-- Given information --
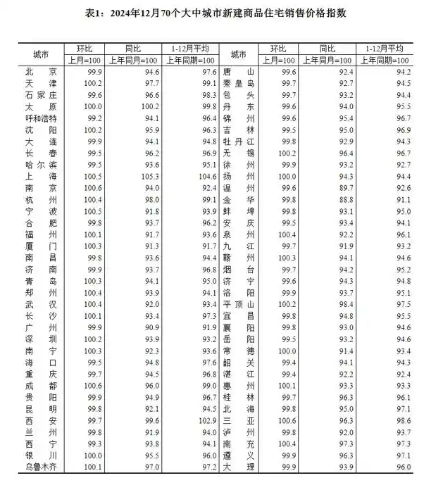 2025 年 1 月 17 日,國家統(tǒng)計局發(fā)布了 2024 年 12 月份 70 個大中城市商品住宅銷售價格變動情況。數(shù)據(jù)顯示,房地產(chǎn)市場出現(xiàn)了一些積極的變化。
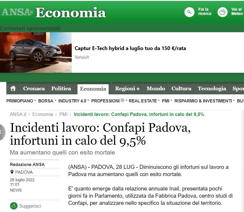 INCIDENTI LAVORO: CONFAPI PADOVA, INFORTUNI IN CALO DEL 9,5% - ANSA, 28 LUGLIO 2022
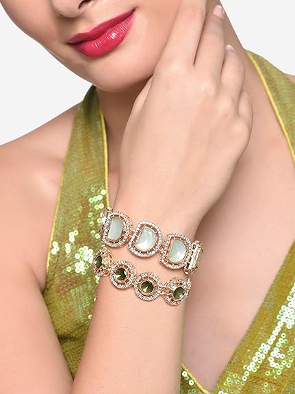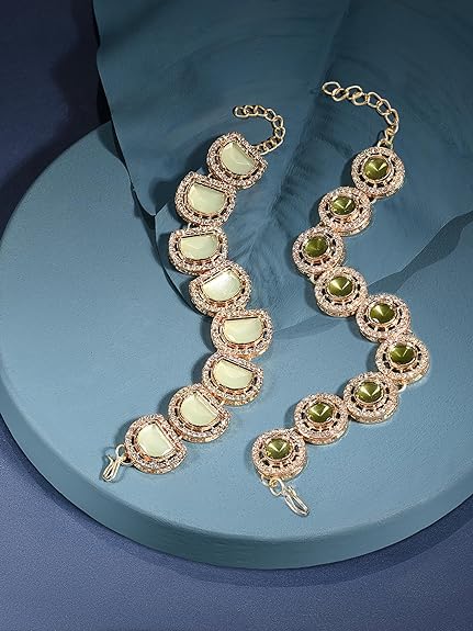 Features: Bracelets Are An Easy Way Of Amping Up Your Outfit. This Ethnic Bracelet Design Is Very Fashionable, Subtle And Trending Which Is Embellished With Dazzling Stones. Most Often To Be Worn At weddings Or Festives, This Bracelet Can Be Paired With Ethnic outfits In Rich Colours.
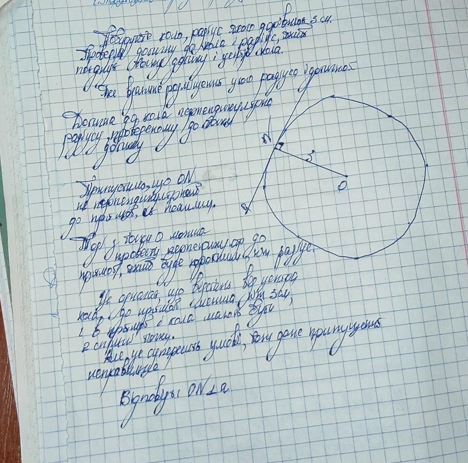 Побудуйте коло, радіус якого дорівнює 3 см. Проведіть дотичну до кола і радіус, який поєднує точку дотика і центр кола. Яке взаємне розміщення цього радіуса і дотичної? Дам 99 балов

-- Instructions to follow --
Copy every line above exactly, leaving no picture in the copy.

-- Written solution --
 2025 年 1 月 17 日,國家統(tǒng)計局發(fā)布了 2024 年 12 月份 70 個大中城市商品住宅銷售價格變動情況。數(shù)據(jù)顯示,房地產(chǎn)市場出現(xiàn)了一些積極的變化。
 INCIDENTI LAVORO: CONFAPI PADOVA, INFORTUNI IN CALO DEL 9,5% - ANSA, 28 LUGLIO 2022
 Features: Bracelets Are An Easy Way Of Amping Up Your Outfit. This Ethnic Bracelet Design Is Very Fashionable, Subtle And Trending Which Is Embellished With Dazzling Stones. Most Often To Be Worn At weddings Or Festives, This Bracelet Can Be Paired With Ethnic outfits In Rich Colours.
 Побудуйте коло, радіус якого дорівнює 3 см. Проведіть дотичну до кола і радіус, який поєднує точку дотика і центр кола. Яке взаємне розміщення цього радіуса і дотичної? Дам 99 балов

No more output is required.